The Aire in Morzine closed a couple of years ago.

Do you have winter tyres and/or snow chains? Its c1,100 m at Les Gets and Morzine.


----------



## trevd01 (Oct 26, 2007)

barryd said:


> there are some great wild spots up around and beyond Praz de lys (spelling?) just up the road.


Not in December, though!

Many roads that you can drive in the summer don't exist in the winter (or if they do they are part of ski runs!)


----------



## barryd (May 9, 2008)

I'm pretty sure all the ones we stayed at will be open as they were near or at ski resorts. Maybe not though.


----------



## trevd01 (Oct 26, 2007)

barryd said:


> I'm pretty sure all the ones we stayed at will be open as they were near or at ski resorts. Maybe not though.
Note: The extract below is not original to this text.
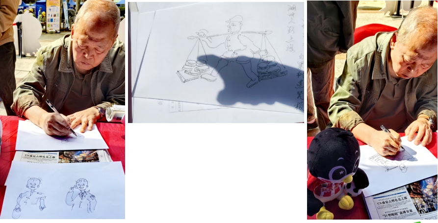 从长乐路搬至三林世博家园的读者韩德良,谈起与新民晚报的情缘,也有讲不完的话。他说,他住到哪里就把晚报订到了哪里。80岁老读者蒋永泉在现场为新民晚报画起了两幅漫画:《三毛》《湖州人到上海串街走巷,白果树蒸凳板》。
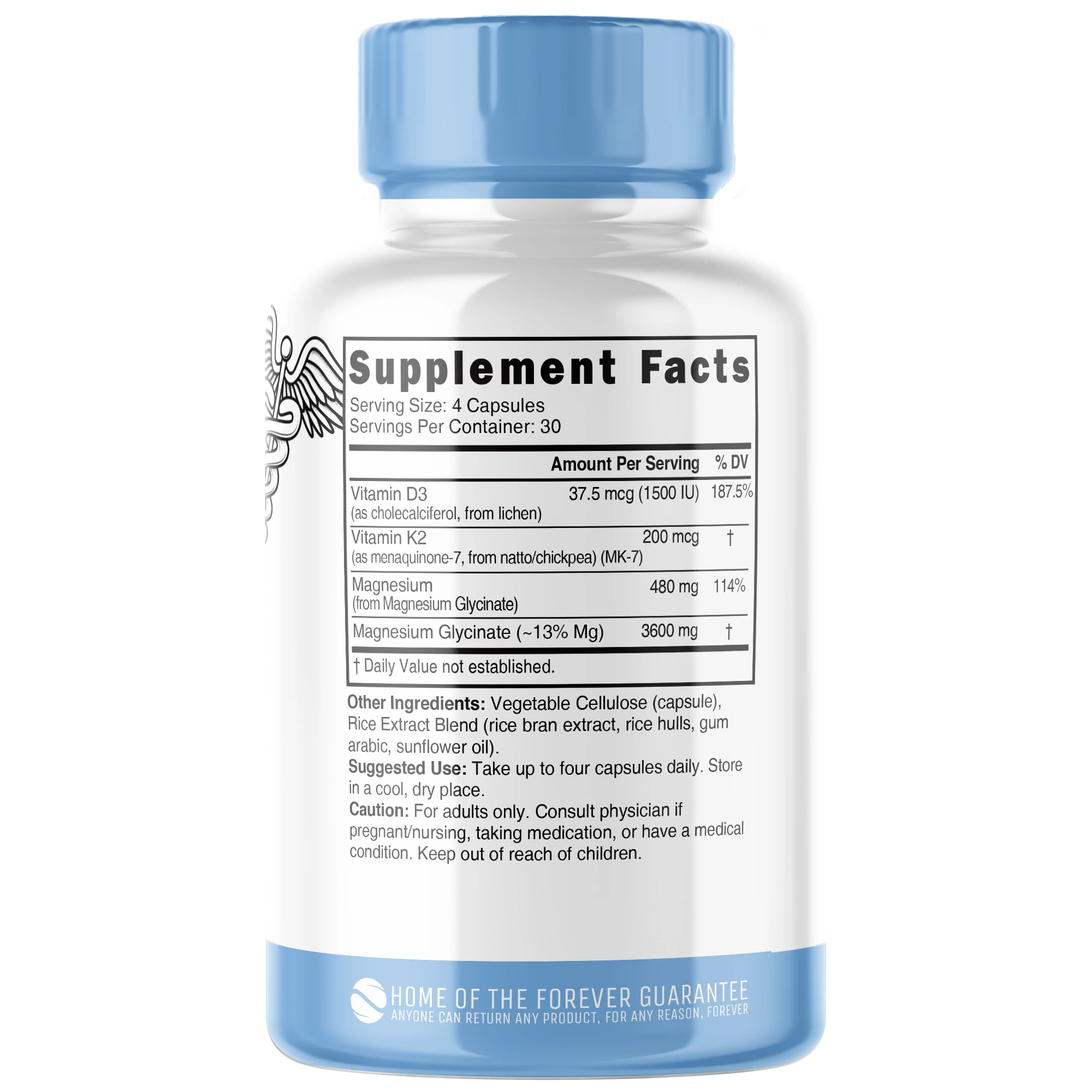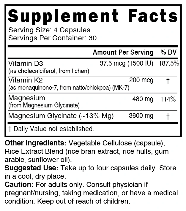 Each serving contains 1500 IU Vegan D3, 200mcg vegan K2, and 480 mg Magnesium (from 3600mg Magnesium Glycinate)

We have been there in December as well as the summer... 8)


----------



## tyson1 (Oct 1, 2012)

Yip I have both


----------



## GROUNDHOG (Mar 7, 2006)

only been there in the Summer but the big aire by the ski lift was closed ( we were moved on by the Police), there is a small aire in town where we didn't pay anything but it was absolutely packed.
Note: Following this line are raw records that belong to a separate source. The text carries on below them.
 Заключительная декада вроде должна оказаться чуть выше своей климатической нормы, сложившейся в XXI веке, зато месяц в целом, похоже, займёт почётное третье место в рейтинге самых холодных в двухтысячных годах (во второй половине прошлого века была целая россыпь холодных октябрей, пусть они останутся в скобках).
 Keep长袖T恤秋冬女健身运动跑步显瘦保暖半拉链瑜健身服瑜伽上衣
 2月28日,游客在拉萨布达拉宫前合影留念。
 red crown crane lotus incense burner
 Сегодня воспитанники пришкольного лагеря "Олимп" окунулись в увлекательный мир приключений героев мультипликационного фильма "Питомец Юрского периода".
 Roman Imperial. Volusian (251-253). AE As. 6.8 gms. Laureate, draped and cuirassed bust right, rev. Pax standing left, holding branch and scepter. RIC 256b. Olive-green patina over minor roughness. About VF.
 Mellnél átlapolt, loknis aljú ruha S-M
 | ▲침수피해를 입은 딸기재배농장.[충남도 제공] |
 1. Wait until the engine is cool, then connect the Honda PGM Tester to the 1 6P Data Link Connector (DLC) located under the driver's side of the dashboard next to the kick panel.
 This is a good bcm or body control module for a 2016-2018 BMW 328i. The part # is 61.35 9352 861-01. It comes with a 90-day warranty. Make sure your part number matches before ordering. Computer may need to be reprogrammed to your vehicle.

Agree with Barry - stunning place!


----------



## trevd01 (Oct 26, 2007)

This is the parking at Ardent, last February.


----------



## cypsygal (Dec 19, 2009)

The link on boringfrog's post suggests that u can empty the necessary stuff and take on water. I would think that if u r contemplating skiing you will have /will buy a genny?

Having skied several time at Les Gets, from the lift next to this aire, I'd say it's as good as u will get. Right next to lift ( Perrieres) ski hire directly opposite ( over the bridge) it's a short walk to the main town, not too high an altitude - but reached -29 when we were there last!!
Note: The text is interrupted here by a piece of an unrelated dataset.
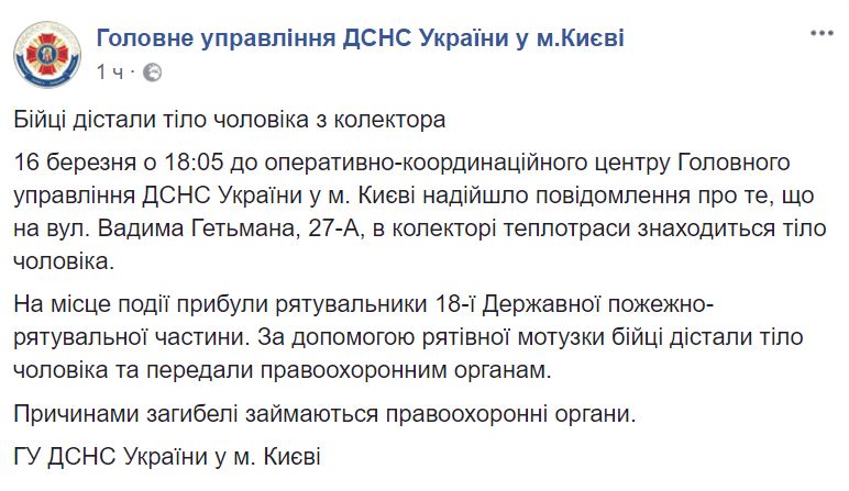16 марта в 18:05 в оперативно-координационный центр Главного управления ГСЧС в Киеве поступила информация о том, что на ул. Вадима Гетьмана, 27-а, в коллекторе теплотрассы находится тело мужчины.
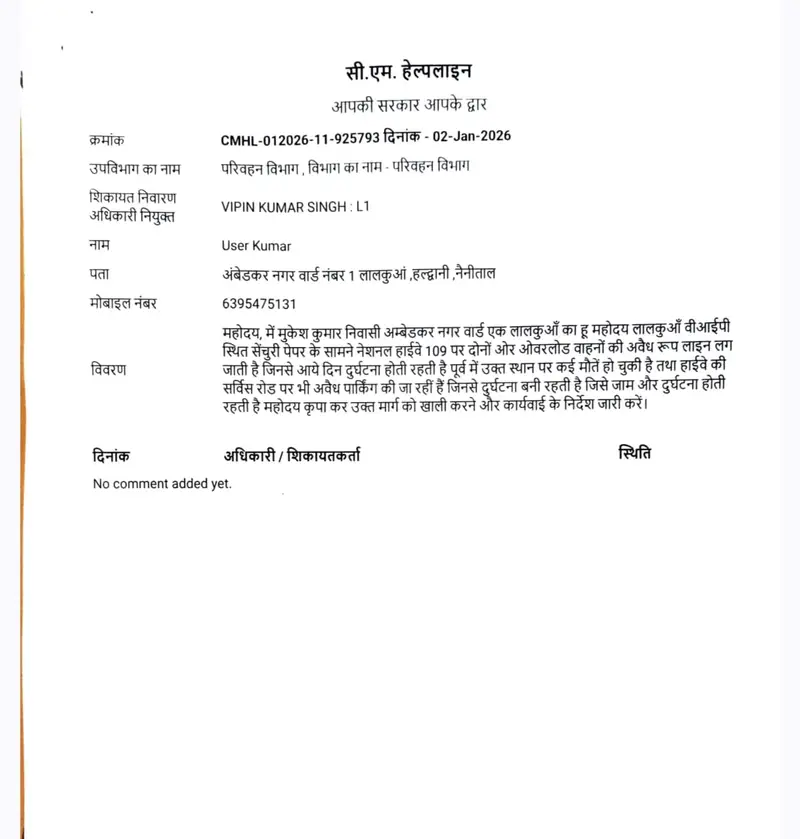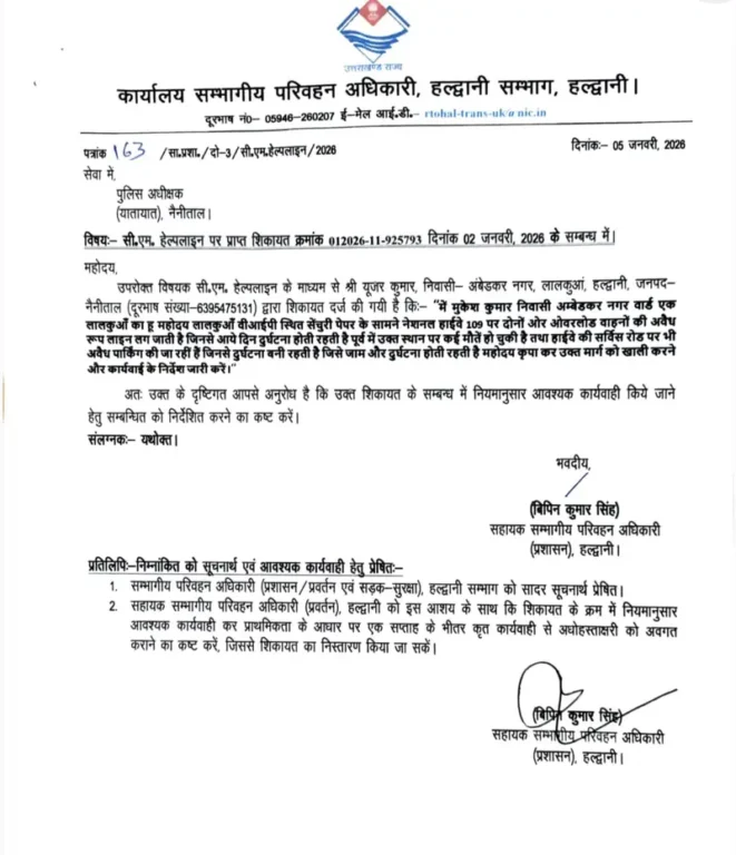 यहाँ मुख्यमंत्री हेल्पलाइन पर दर्ज शिकायत के आधार पर कार्यालय सहायक सम्भागीय परिवहन अधिकारी (प्रशासन) हल्द्वानी ने पुलिस अधीक्षक यातायात समेत संबंधित विभागों को नियमित प्रवर्तन, सख्त कार्रवाई और व्यवस्था दुरुस्त करने के स्पष्ट आदेश जारी कर दिए हैं।

If I were to ski with our motorhome ( my husband steadfastly refuses) this would be a good choice. If the sun is shining, it will be shining here 

I really mean the last statement, I have stayed also in St Jean D'Aulps, but it was the least sunny place I've ever stayed in the Alps. Bit low tbh.


----------



## tyson1 (Oct 1, 2012)

Cypsygal thank you very much I do have a genny I did ski le grand bornand last year so going to try les gets this year thanks again George


----------



## clayton9 (Aug 16, 2006)

Hi tyson.

Been going to les gets for about 6 years now. The aire was free at on point. But now it is ten euro a night. If you stay for 7 night you will get it cheeper. 
You can empty toilet. There is a a service thingy just b4 the aire for water. We take a 25lt water can and fill at the toilets near the ski lift.
Its a great place to ski and the town is fab

Im going out 27 december might see you there.

Cheers.


----------



## tyson1 (Oct 1, 2012)

Clayton9 thanks for the reply it's very helpful 
George


----------



## Lawnman (Aug 3, 2012)

Hi Tyson1

Hope this might help you

We went to the Aire at Les Gets last January for skiing although we didn't stay there as we had found a sneaky wild camping spot at Les Prodans.(just below the Avoriaz cable car)...But this was going to be our back up and I wouldn't have been disappointed if we had stayed there. It all depends what you need and what you expect

it is a the bottom of a slope, so you can ski right to the door of your 'van. Big bonus for us.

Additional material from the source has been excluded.